Karena selanjutnya saya sudah harus butuh panci. Mencari panci yang cocok ternyata juga sangat sulit. Akhirnya panci apa saja saya tak perduli, walau yang saya temukan itu adalah sebuah panci raksasa yang lebih cocok untuk memasak di dapur umum bagi korban gempa. Padahal, yang saya perlukan sekedar untuk menjerang sebungkus mie. Tetapi, di zaman darurat jangan penuh syarat. Sekali dayung kapal harus menuju pelabuhan. Panci segera saya operasikan. Celakanya prosedur memasak juga tak lagi saya sadari. Benda itu saya taruh di perapian dalam keadaan kosong karena saya fikir air akan segera saya guyurkan. Tetapi di mana letak air itu berada? Sialan, nyelip di sana.
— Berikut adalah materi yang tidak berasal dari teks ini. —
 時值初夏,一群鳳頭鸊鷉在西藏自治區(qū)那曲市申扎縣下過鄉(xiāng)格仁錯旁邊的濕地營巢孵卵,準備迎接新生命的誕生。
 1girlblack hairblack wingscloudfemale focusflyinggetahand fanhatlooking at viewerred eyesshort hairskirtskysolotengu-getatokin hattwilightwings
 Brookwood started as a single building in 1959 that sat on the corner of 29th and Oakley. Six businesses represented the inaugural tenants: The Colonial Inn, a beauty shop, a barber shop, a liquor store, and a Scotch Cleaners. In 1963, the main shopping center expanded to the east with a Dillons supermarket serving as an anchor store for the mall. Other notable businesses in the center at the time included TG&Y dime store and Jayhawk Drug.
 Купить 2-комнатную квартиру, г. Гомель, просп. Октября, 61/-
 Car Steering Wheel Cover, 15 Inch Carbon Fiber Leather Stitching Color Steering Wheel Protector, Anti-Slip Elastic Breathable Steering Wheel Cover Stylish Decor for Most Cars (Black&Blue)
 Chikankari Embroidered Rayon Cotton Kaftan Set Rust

Memang akhirnya, saya temukan. Tetapi, panci yang malang itu telah mengepul ke gerahan dengan aroma alumunium gosong. Keringat mulai merembes di tengkuk saya dan kelaparan ini sudah pelan-pelan berganti kejengkelan. Tetapi, intinya, saya memang berhasil mengatasi kelaparan darurat itu tetapi dengan sebuah perjuangan yang tidak pernah saya bayangkan. Semuanya ini saya sadari semata-mata karena istri tak ada. Ketergantungan saya kepadanya sudah pada taraf keterlaluan dan belum saya putuskan. Ini termasuk berkah atau musibah?
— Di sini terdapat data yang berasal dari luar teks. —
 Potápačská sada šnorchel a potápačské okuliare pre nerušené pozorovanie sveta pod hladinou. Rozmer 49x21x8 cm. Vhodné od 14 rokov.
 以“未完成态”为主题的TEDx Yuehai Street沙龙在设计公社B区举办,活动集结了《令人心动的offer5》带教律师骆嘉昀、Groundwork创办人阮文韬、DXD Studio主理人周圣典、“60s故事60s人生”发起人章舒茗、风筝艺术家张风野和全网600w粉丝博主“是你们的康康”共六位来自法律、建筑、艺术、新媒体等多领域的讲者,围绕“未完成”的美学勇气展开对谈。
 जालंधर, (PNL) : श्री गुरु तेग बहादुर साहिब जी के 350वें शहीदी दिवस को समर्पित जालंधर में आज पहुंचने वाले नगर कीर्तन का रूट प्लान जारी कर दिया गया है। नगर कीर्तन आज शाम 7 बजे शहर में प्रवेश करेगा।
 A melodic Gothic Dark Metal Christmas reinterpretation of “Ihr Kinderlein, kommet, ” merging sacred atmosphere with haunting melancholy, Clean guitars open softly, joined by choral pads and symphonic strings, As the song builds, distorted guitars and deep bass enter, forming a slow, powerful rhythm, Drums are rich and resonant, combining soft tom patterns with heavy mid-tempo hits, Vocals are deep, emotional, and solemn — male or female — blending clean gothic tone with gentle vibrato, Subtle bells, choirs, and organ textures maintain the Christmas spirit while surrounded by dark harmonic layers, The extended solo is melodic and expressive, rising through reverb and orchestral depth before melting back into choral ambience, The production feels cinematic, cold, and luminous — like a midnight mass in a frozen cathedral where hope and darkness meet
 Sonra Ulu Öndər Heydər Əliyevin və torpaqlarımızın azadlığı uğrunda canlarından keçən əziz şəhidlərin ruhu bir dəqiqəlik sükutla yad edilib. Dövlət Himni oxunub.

Usai berkeringat, hasil makan mie sambil kepanasan, saya kegerahan dan mandi adalah soal yang saya bayangkan kemudian. Tetapi, aduh, air di bak mandi itu tinggal sedikit sekali dan kotor pula keadaannya. Saya tau, itulah air yang sengaja dibiarkan oleh istri dengan maksud hendak dikuras nanti. Saya menatap genangan air itu sambil termangu. Betapa lama saya sudah tak lagi mengerjakan pekerjaan ini; menguras bak mandi. Tersering memang istri saya dan saya tinggal mandi dalam keadaan air melimpah dengan kebeningan yang menyulut gairah. Telah begitu lama saya hanya terbiasa mandi tetapi tak lagi suka menguras bak mandi. Sebuah kebiasaan yang kemudian menjadi semacam konvensi: pekerjaan itu telah menjadi tugas istri.

Entah kebaikan apa yang melintas dalam benak saya saat itu, saya ingin menghadiahi istri dengan kado kecil itu: biarlah ia pulang sambil melihat pekerjaannya telah saya beresi. Bak mandi itu saya kuras sambil bernyanyi, akan saya sediakan air yang bersih dan melimpah untuknya, tepat ketika ia pulang dalam keadaan lelah dan gerah. Pulang lelah, sambil masih membayangkan menguras bak mandi pasti sebuah musibah. Belum pernah saya menunggu istri pulang dengan perasaan setegang ini. Dan ketika ia datang, lampu kamar mandi saya nyalakan, air yang penuh dan bersih itu saya perlihatkan. Istri saya berteriak dengan sangat gembira. Sementara perasaan saya saat itu, seperti Donald Trumph yang menghadiahi istri mudanya cincin berhias permata.

*Dikutip dari Buku Prie Gs dalam Catatan Harian Penggoda Indonesia halaman 171-173.